Exposure to GCs exacerbates gp120-induced cell death in neuronal cultures, whereas estradiol is protective. Data are expressed as percentage of numbers of neurons in control wells (no gp120 or steroid) in the same plate. (A) In both hippocampal and cortical cultures, neuron loss was more pronounced in cultures treated with gp120 and 1 μM corticosterone than in cultures treated with either agent alone. (B) gp120-induced neuron loss varied with corticosterone concentrations. Significant levels of gp120-induced neurotoxicity coincided with corticosterone concentrations above the Kd (approximately 5 nM) of the type II GC receptor. (C) gp120-induced neuron death was worsened by the 1 μM concentrations of the synthetic GCs dexamethasone and prednisone. (D) Treatment of cortical cultures with estradiol reduced gp120-induced neurotoxicity. ∗∗ and ∗∗∗ indicate significant difference at the P < .01 and .001 levels, respectively, when compared with control (0% neuron loss, derived from cultures exposed to neither gp120 nor any steroid); # and ## indicate significant difference at the P < .05 and .01 levels, respectively, when compared with gp120 alone; $$ indicates significant difference at the P < .01 level, when compared with hormone alone; Newman–Keuls post-hoc tests after ANOVA. gp, gp120 (200 pM); CORT, corticosterone; Dgp, denatured gp120; DEX, dexamethasone; PRED, prednisone.

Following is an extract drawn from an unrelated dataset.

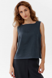 Льняная женская блузка из коллекции SHLOMO выполнена из приятного к телу льна. Крой свободный, без застежки. Вырез горловины лодочка. Фактура материала зернистая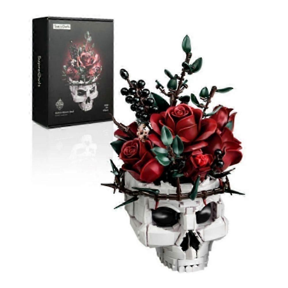 Gothic Skull Rose Bouquet Building Set for Adults, Halloween Decor with Skeleton Plant Pot, Lego-Compatible

We next tested the dose dependency of the corticosterone endangerment. Previous work showed that such endangerment is mediated by the low-affinity type II GC receptor (for review, see ref. 2); in agreement with this, the steroid augmented gp120 toxicity only when administered at concentrations above the Kd of that receptor (approximately 5 nM; Fig. 1B).

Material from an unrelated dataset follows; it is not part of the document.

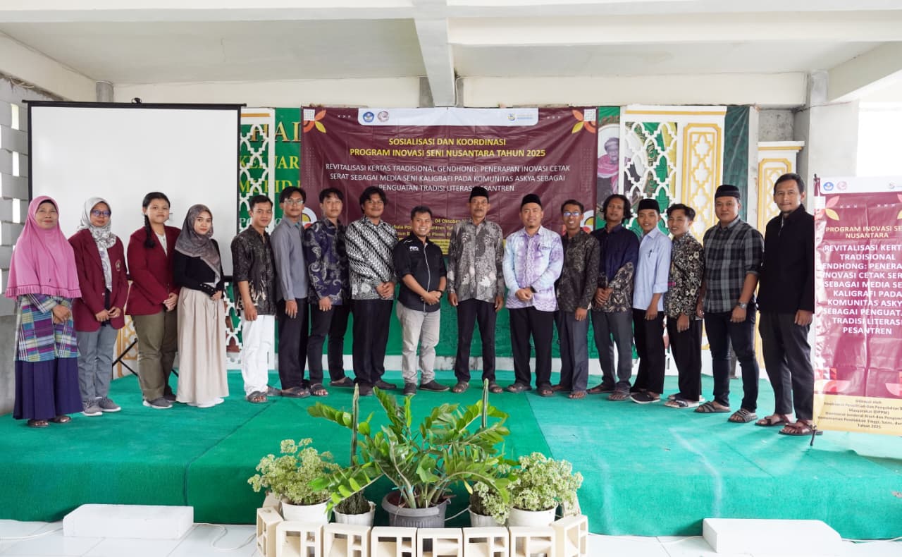 HUMASISISOLO, Ngawi — Tim pengabdian dari Institut Seni Indonesia Surakarta (ISI Solo) melaksanakan kegiatan bertajuk “Revitalisasi Kertas Tradisional Gendhong: Penerapan Inovasi Cetak Serat sebagai Media Seni Kaligrafi pada Komunitas Askya sebagai Penguatan Tradisi Literasi Pesantren”.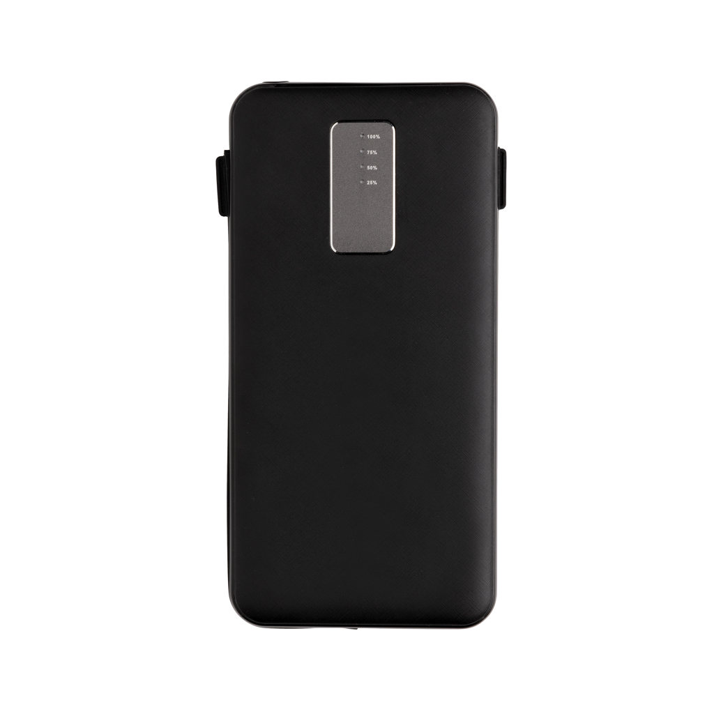 Ultratunn 10.000 mAh powerbank i ABS, enkel att alltid ha med sig. Den 3-i-1 integrerade kabeln gör powerbanken kompatibel med de flesta mobila enheterna på marknaden. Fulladdad kan powerbanken ladda din mobil upp till fem gånger. Powerbanken har ett långvarigt A-graderat högdensitet lithium polymer-batteri. Indikatorlampan anger energinivån så att du vet när det är dags att ladda upp den. Input: 5V/2A Output: 5V/2A

As will be discussed, synthetic GCs such as prednisone and dexamethasone are often used in extremely high concentrations to treat various features of HIV infection. We observed that those compounds, both type II receptor agonists, also augmented the toxicity of gp120 (Fig. 1C). The endangerment was GC-specific, in that equal amounts of testosterone (a non-GC steroid) did not augment gp120 toxicity (data not shown).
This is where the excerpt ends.